BCC hides recipient addresses and helps protect privacy for small group emails. For larger or recurring mailings, use a mailing-list service with personalization, unsubscribe management, and deliverability features. Always respect privacy laws and secure your contact lists.

Why recipient privacy matters

Email addresses are personal data. Recipients expect you to use their contact details only for the purpose they provided. Revealing a long list of addresses can expose people to unwanted contact and commercial harvesting, and may conflict with privacy expectations and laws (for example, GDPR in the EU or CAN-SPAM in the U.S.).

What BCC does

BCC (Blind Carbon Copy) sends a message to additional recipients without showing their addresses to others. Each BCC recipient gets the email, but other recipients do not see those BCC addresses. That preserves privacy and prevents accidental reply-all chains from exposing or misusing addresses.

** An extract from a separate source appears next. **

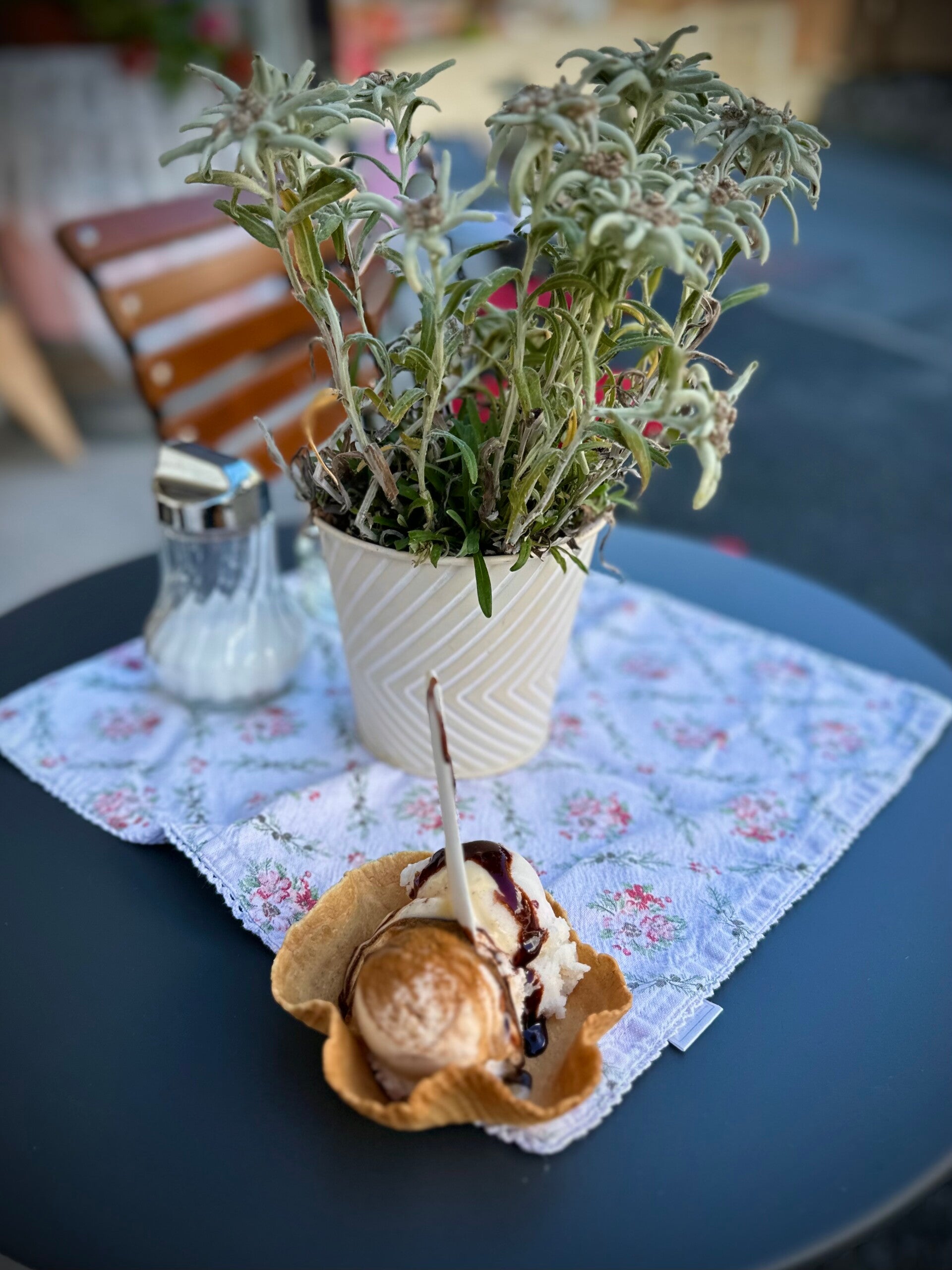 Auch der Dorfplatz in Going erscheint auf den ersten Blick eng, klein und unwirklich. Was ihm aber nichts von seiner Schönheit eines Dorfmittelpunktes nimmt. In der Kirche bekamen wir ein kostenlose Probe der Orgelmusik, und in einem Nebengässchen fanden wir eine hervorragende kleine Eismanufaktur.
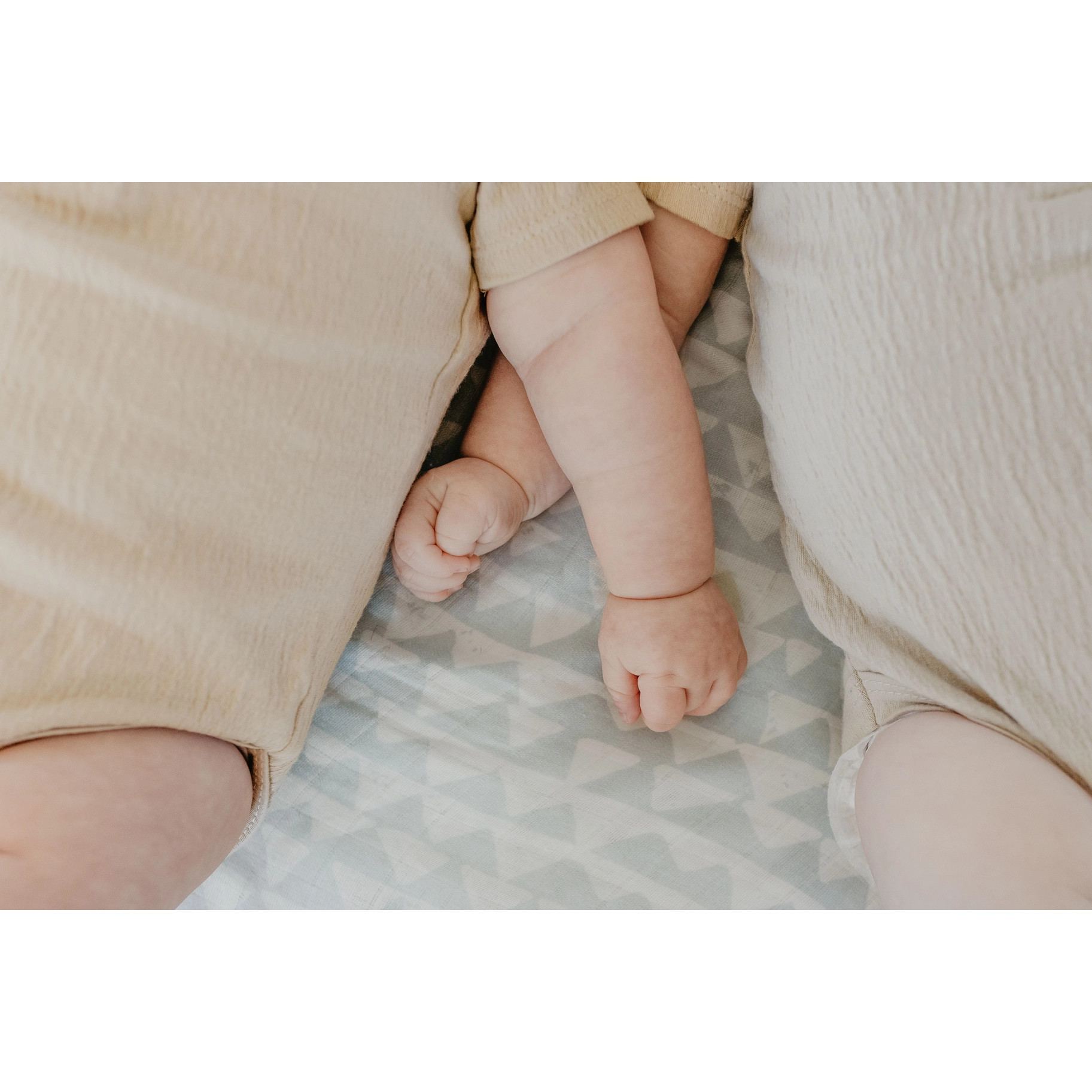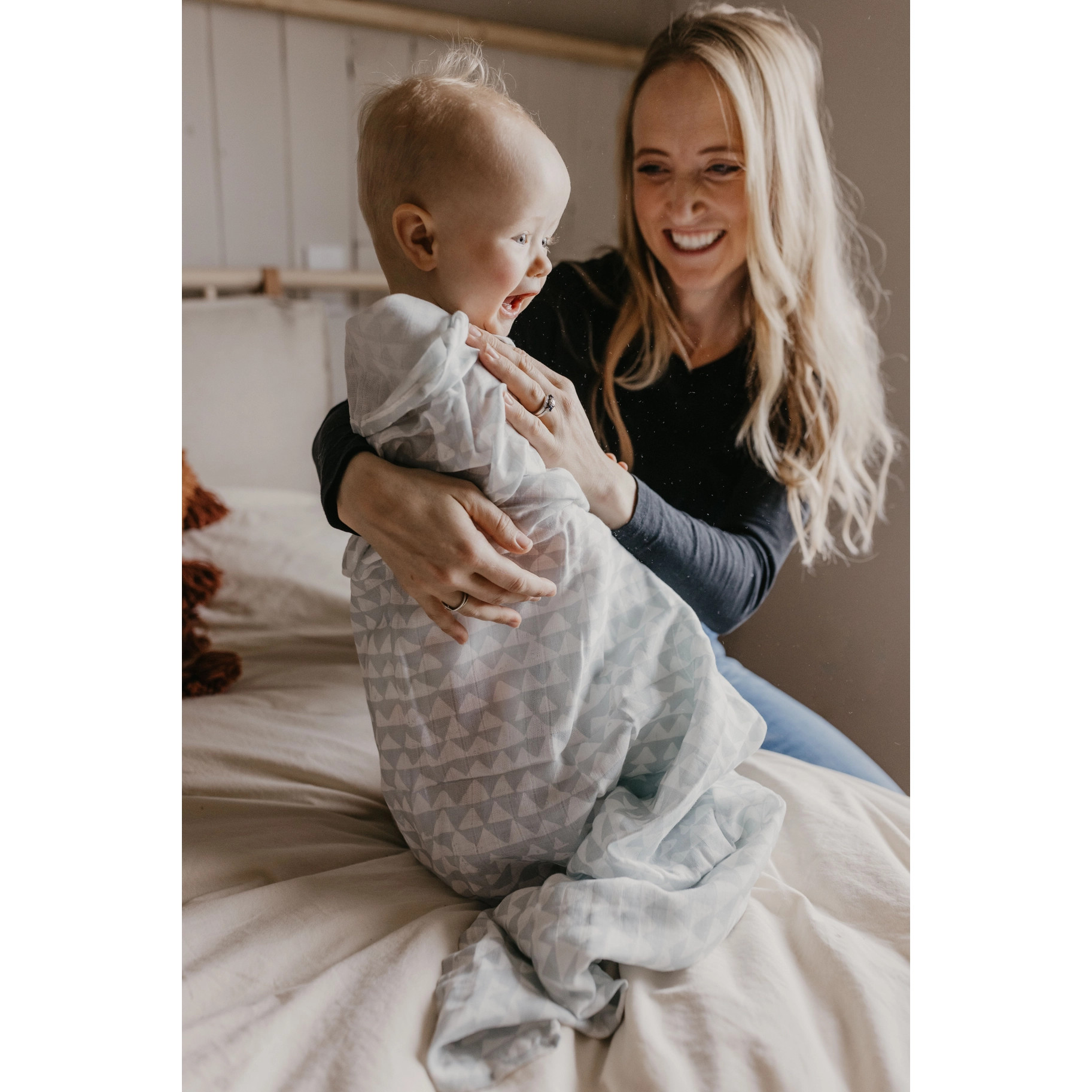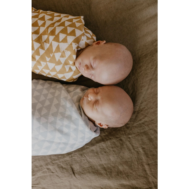 Mountains Swaddle Blanket One day, that little bundle will climb mountains. But for now, enjoy endless cuddles with your baby and our 'Mountains' muslin blanket. Add Mother Nature’s touch to your baby’s everyday. This Mini Wander swaddle design is a part of our collab with Clare Therese, who created unique patterns using carved lino and block printing. The triangular pattern is available on a blue or honey yellow backdrop, reminding us of a snow-covered peak or a sunset hike. THE PERFECT SWADDLE TO KEEP THEM HAPPY. Thanks to its lightweight, loose weave, the Mountain Swaddle blanket stretches when pulled diagonally to make swaddling easy. No more fussing with stiff fabrics, just tuck your baby and watch them drift off to dreamland!

How to use BCC in modern email clients

  • Add addresses in the BCC field when you want to hide recipients from one another.
  • If your client hides the BCC field, look for an "Add Bcc" or "Show Bcc" option in the compose window or message Options menu (Gmail, Outlook, and Apple Mail all support BCC).
  • Some clients require at least one address in the To field. If needed, put your own address there.
  • Separate addresses using the delimiter your client expects (commas or semicolons are common).

When not to use BCC

  • Avoid using BCC for large, regular mailings. Mass BCCs can trigger spam filters or deliverability issues, and they prevent recipients from unsubscribing or managing preferences.
  • BCC is not a substitute for opt-in mailing lists, clear unsubscribe options, or mailing-list management. For recurring newsletters or commercial messages, use a proper mailing platform.

Better options for bulk or professional mailings

For newsletters, membership updates, or frequent bulk messages, use a dedicated service (Mailchimp, Sendinblue, Constant Contact, or similar). These services provide:
  • Personalization (name merge fields) so each recipient sees a tailored message.
  • Subscription management and unsubscribe links to comply with anti-spam rules.
  • Authentication and deliverability tools (SPF, DKIM) that reduce the chance messages are marked as spam.
If you send occasional group messages to people who have not opted in, reconsider whether email is appropriate. Always include contact and unsubscribe instructions when sending commercial or mass communications.

Quick practical tips

  • Use BCC for small group communicates where privacy is the priority (event reminders, member notices).
  • Prefer mail-merge or mailing platforms for anything larger than a handful of recipients.
  • Keep lists secure and avoid sharing addresses without consent.
Practicing simple email etiquette - using BCC correctly, choosing the right tools, and respecting privacy - protects your contacts and improves your professional image.

FAQs about Email Etiquette

What's the difference between To, CC, and BCC?
To and CC fields show recipients to everyone who receives the message. BCC hides addresses so BCC recipients are not visible to others.
Can recipients see who was BCC'd on an email?
No. BCC recipients and their addresses are not visible to other recipients, which preserves privacy.
Will using BCC cause my email to be marked as spam?
Single or small-group BCCs usually don't cause spam flags, but sending large numbers of BCCed addresses can hurt deliverability. Dedicated mailing services and proper email authentication reduce spam risk.
What should I use instead of BCC for newsletters?
Use a mailing-list or email marketing platform (Mailchimp, Sendinblue, etc.). They handle personalization, unsubscribes, and deliverability, and help you comply with anti-spam and privacy rules.